Exercise: understand_the_bug.s and understand_the_bug.txt
This is basically the program form above:
1 2 3 4 5 6 7 8 9 10 11 12 13 14 15 16 17 18 19 20 21 22 23 24 25 26 27 28 29 30 31 32 33 34 35 36 37 38 39 40 41 42 43 44 45 46 47 48 49 50 51 52 53 54 55 56 57 58 59 60 | .equ SP, 2
.equ VAL, 68 # just for convenience
.text
/*
initialize stack
*/
ldzwq 0, %SP
/*
push 'A", push 'B', push 'C'
*/
# load value in %VAL
ldzwq 'A', %VAL
# push %VAL
subq 8, %SP, %SP
movq %VAL, (%SP)
# load value in %VAL
ldzwq 'B', %VAL
# push %VAL
subq 8, %SP, %SP
movq %VAL, (%SP)
# load value in %VAL
ldzwq 'C', %VAL
# push %VAL
subq 8, %SP, %SP
movq %VAL, (%SP)
/*
pop and print value (3 times)
*/
# pop %VAL
movq (%SP), %VAL
addq 8, %SP, %SP
# use popped value
putc %VAL
# pop %VAL
movq (%SP), %VAL
addq 8, %SP, %SP
# use popped value
putc %VAL
# pop %VAL
movq (%SP), %VAL
addq 8, %SP, %SP
# use popped value
putc %VAL
/*
* TODO: Your bug here.
*/
putc '\n'
halt 0
|
With a small modification The program has a comment TODO: Your bug here. Remove that comment with and replace it with
1 2 3 4 5 | # pop %VAL
movq (%SP), %VAL
addq 8, %SP, %SP
# use popped value
putc %VAL
|
Don't change anything else. Now translate it and run the program. You should observe the following:
theon$ ulm understand_the_bug CBAD theon$
I think so far this exercise was simple ;-) So now comes the challenge:
-
Explain why this result could be predicted.
-
Modify at most to characters in this buggy program so that the program prints CBA! followed by a newline.
To be clear: don't fix the bug, play with the bug. We know that the problem is that more elements are removed than previously added to the stack.

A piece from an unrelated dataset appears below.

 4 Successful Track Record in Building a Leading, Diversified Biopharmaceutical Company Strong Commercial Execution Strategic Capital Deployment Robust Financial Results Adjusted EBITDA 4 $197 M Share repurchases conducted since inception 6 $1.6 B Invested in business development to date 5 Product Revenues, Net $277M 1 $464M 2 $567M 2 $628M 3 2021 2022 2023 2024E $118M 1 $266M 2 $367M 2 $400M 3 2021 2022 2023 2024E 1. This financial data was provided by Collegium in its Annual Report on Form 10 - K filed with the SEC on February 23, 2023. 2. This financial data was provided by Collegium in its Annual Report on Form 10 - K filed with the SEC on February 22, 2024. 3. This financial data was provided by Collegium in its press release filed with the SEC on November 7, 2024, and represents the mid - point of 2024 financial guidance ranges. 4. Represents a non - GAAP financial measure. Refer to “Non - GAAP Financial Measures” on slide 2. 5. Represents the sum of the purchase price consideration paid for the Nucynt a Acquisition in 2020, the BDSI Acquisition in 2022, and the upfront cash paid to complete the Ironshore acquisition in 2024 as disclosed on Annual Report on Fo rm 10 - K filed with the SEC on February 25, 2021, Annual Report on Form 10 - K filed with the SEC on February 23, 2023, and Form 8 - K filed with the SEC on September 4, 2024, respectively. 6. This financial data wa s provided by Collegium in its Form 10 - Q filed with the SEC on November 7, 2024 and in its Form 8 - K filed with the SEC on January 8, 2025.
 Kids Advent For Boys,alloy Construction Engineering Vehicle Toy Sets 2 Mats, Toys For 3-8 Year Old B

You will have the opportunity to fix many bugs in the future.
Exercise: push_64.s
Write a program that does the following (in that order):
-
push the literal 0xFFFFFFFFFFFFFFFF on the stack,
-
push the literal 0x1234567890123456 on the stack.
Hint: The purpose of the that is to “motivate” you to read about how in general a 64-bit address can be loaded into a register. Because in general
1 | ldzwq function_label, %CALL
|
is only working if the label refers to an address in the range from 0 to \(2^{16}-1\).